Further down are entries; set down exactly and only the lines from the one with "LED-Textilrahmen-Bild mit austauschbarem" up to and including the one with "모아 치댄 만두소 |", dropping each picture.

■ **The records**
- - - - - - -
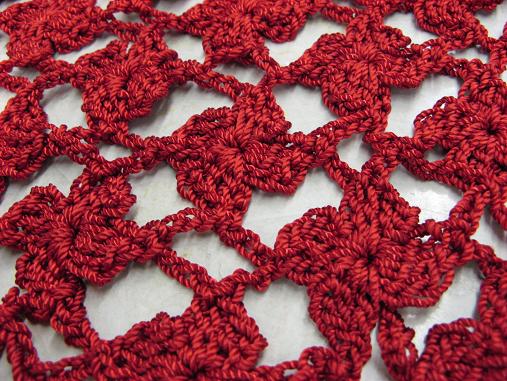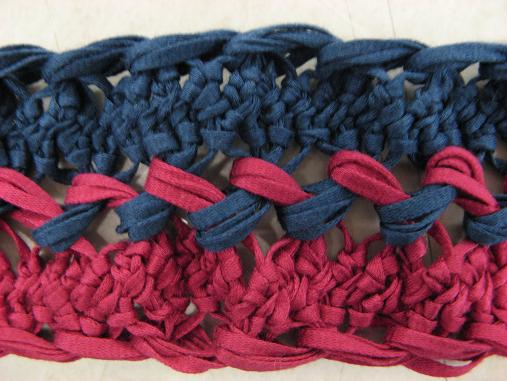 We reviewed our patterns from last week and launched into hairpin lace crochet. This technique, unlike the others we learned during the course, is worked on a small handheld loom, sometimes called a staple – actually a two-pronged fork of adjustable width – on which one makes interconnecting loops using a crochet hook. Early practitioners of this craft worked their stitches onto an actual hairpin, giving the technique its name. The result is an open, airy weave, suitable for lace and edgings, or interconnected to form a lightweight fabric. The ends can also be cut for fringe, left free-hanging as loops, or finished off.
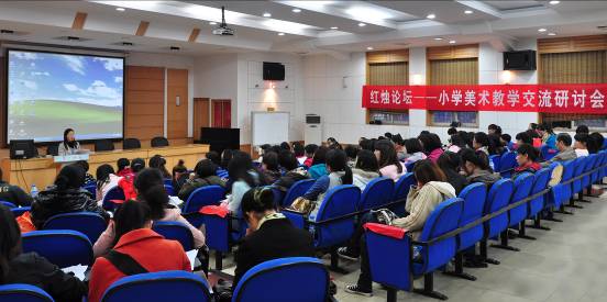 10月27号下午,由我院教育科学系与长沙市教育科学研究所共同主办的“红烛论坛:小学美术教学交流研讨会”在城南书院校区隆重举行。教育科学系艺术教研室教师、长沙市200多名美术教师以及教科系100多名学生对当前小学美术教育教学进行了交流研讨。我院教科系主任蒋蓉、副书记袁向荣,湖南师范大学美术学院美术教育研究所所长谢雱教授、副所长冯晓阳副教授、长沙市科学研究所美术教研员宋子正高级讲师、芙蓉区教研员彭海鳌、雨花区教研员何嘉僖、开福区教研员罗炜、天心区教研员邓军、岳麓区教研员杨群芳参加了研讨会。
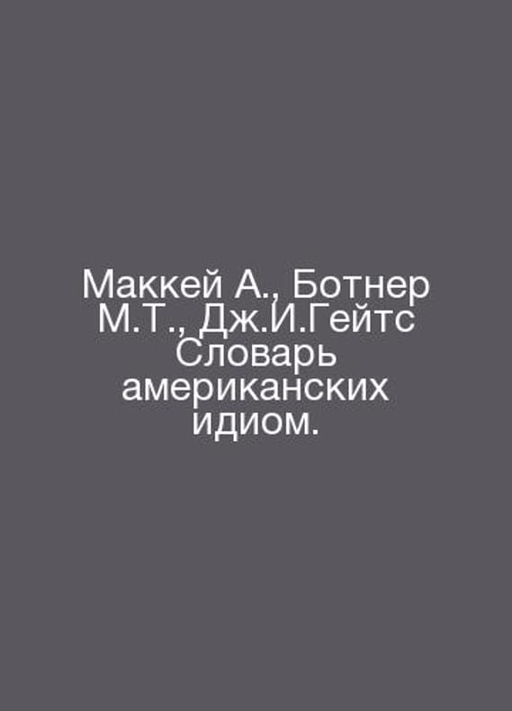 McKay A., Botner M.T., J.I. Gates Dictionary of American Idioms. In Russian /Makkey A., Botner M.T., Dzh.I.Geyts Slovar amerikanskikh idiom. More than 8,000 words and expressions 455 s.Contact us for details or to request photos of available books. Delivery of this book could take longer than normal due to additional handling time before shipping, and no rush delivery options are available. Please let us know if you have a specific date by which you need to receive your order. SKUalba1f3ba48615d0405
- - - - - - -
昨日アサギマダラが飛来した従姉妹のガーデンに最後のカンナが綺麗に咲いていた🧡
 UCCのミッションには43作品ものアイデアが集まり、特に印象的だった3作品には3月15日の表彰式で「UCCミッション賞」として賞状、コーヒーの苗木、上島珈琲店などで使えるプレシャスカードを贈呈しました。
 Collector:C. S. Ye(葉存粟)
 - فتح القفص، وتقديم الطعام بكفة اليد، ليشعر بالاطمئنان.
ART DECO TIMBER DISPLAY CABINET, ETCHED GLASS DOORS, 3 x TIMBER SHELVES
- - - - - - -
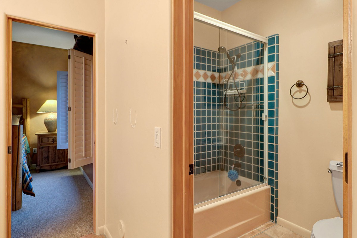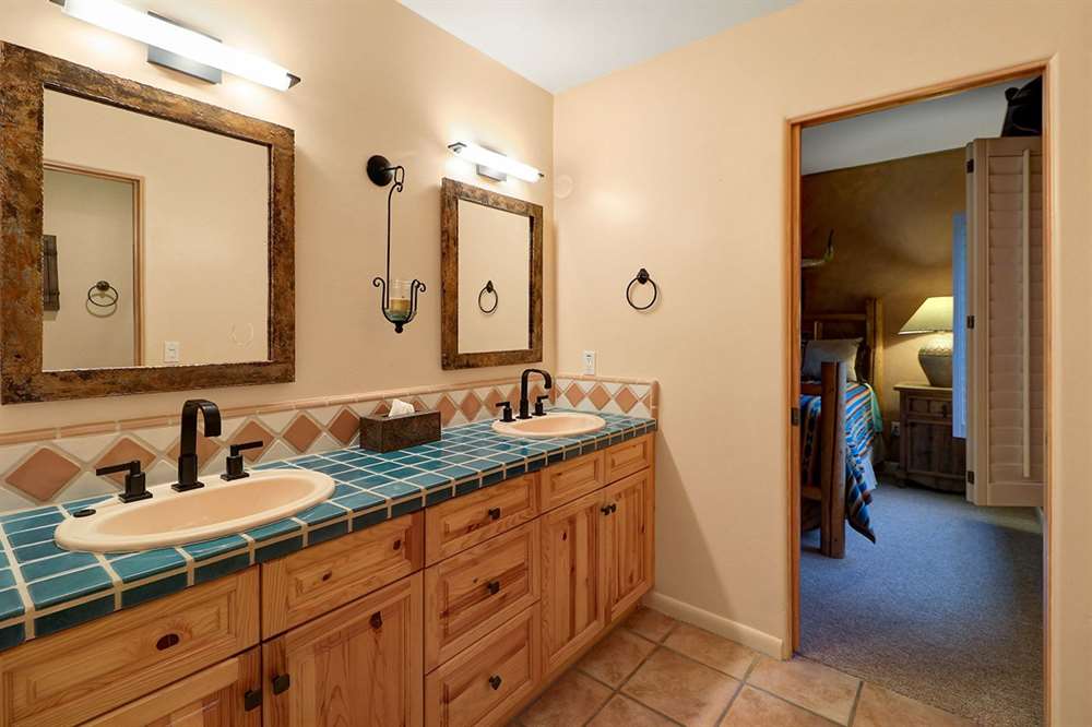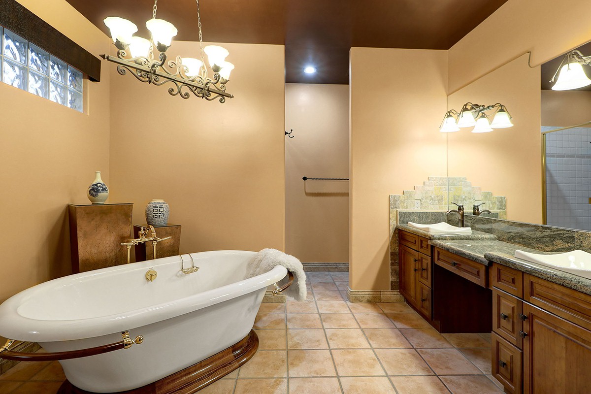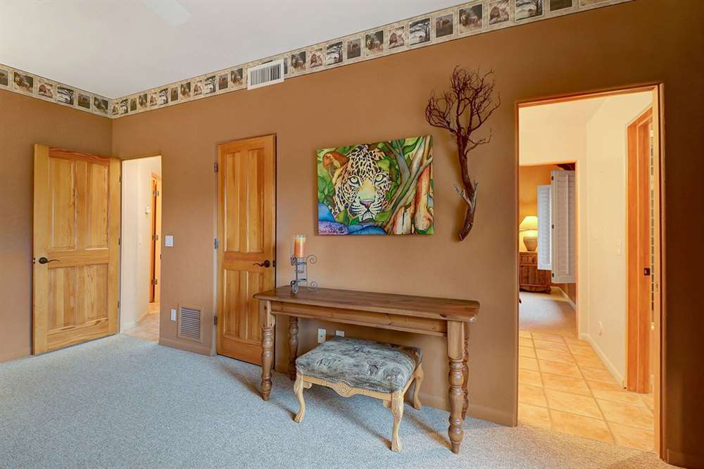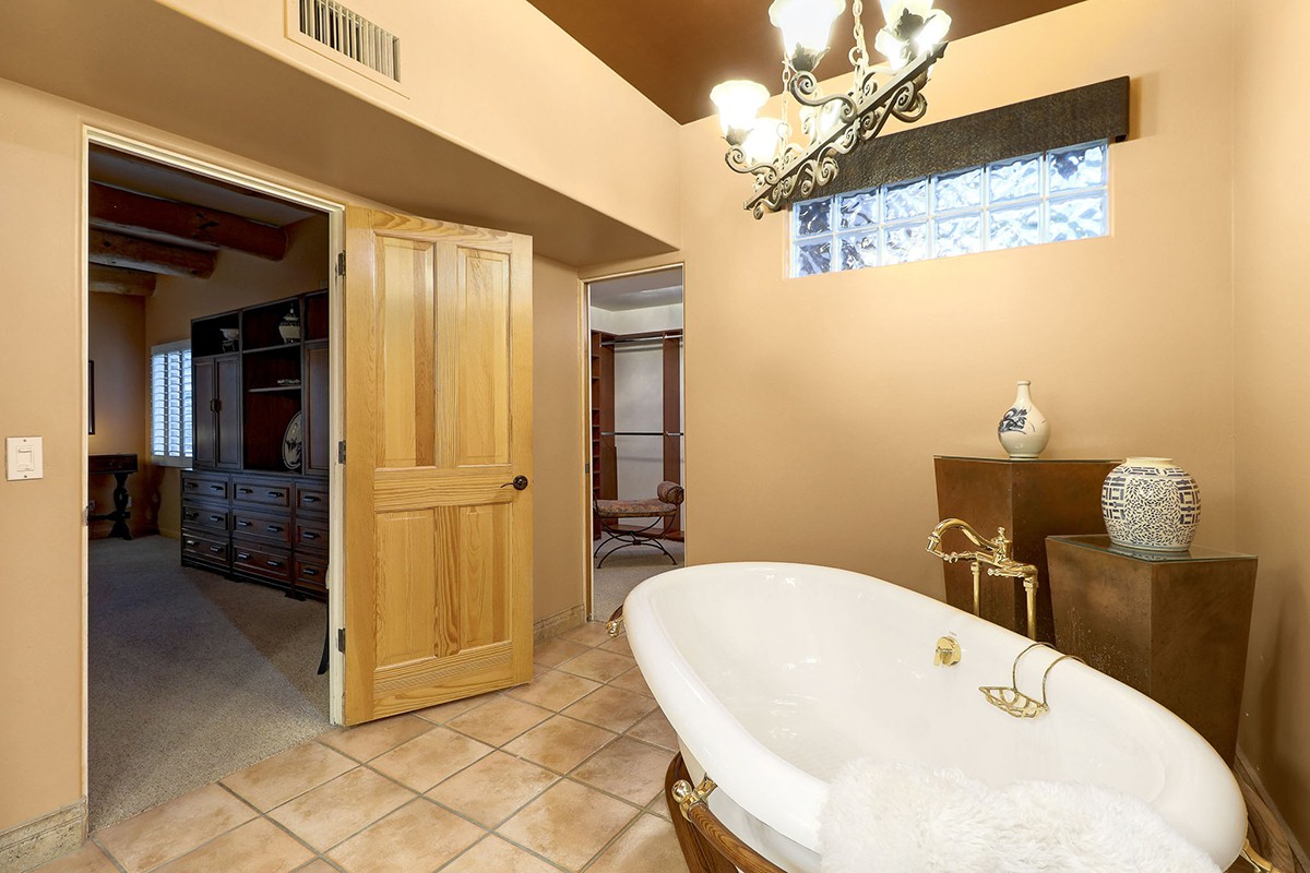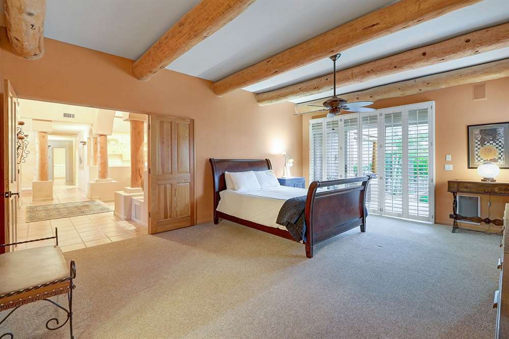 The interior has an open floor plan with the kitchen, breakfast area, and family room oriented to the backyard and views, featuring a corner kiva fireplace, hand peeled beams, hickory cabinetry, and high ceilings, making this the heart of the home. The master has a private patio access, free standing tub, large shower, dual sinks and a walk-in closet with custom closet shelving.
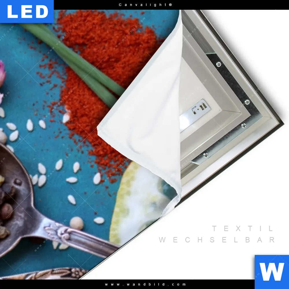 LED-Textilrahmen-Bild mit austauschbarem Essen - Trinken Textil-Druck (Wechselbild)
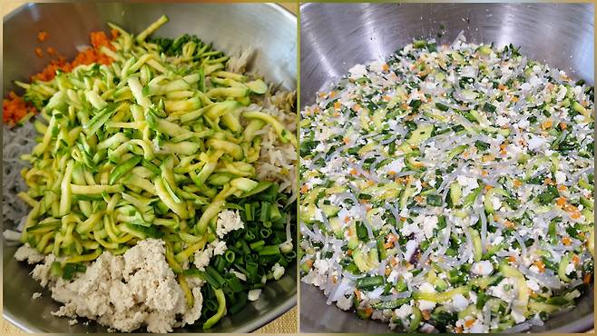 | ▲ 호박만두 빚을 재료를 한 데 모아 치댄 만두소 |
- - - - - - -
■ **Response to the exercise**
 LED-Textilrahmen-Bild mit austauschbarem Essen - Trinken Textil-Druck (Wechselbild)
 | ▲ 호박만두 빚을 재료를 한 데 모아 치댄 만두소 |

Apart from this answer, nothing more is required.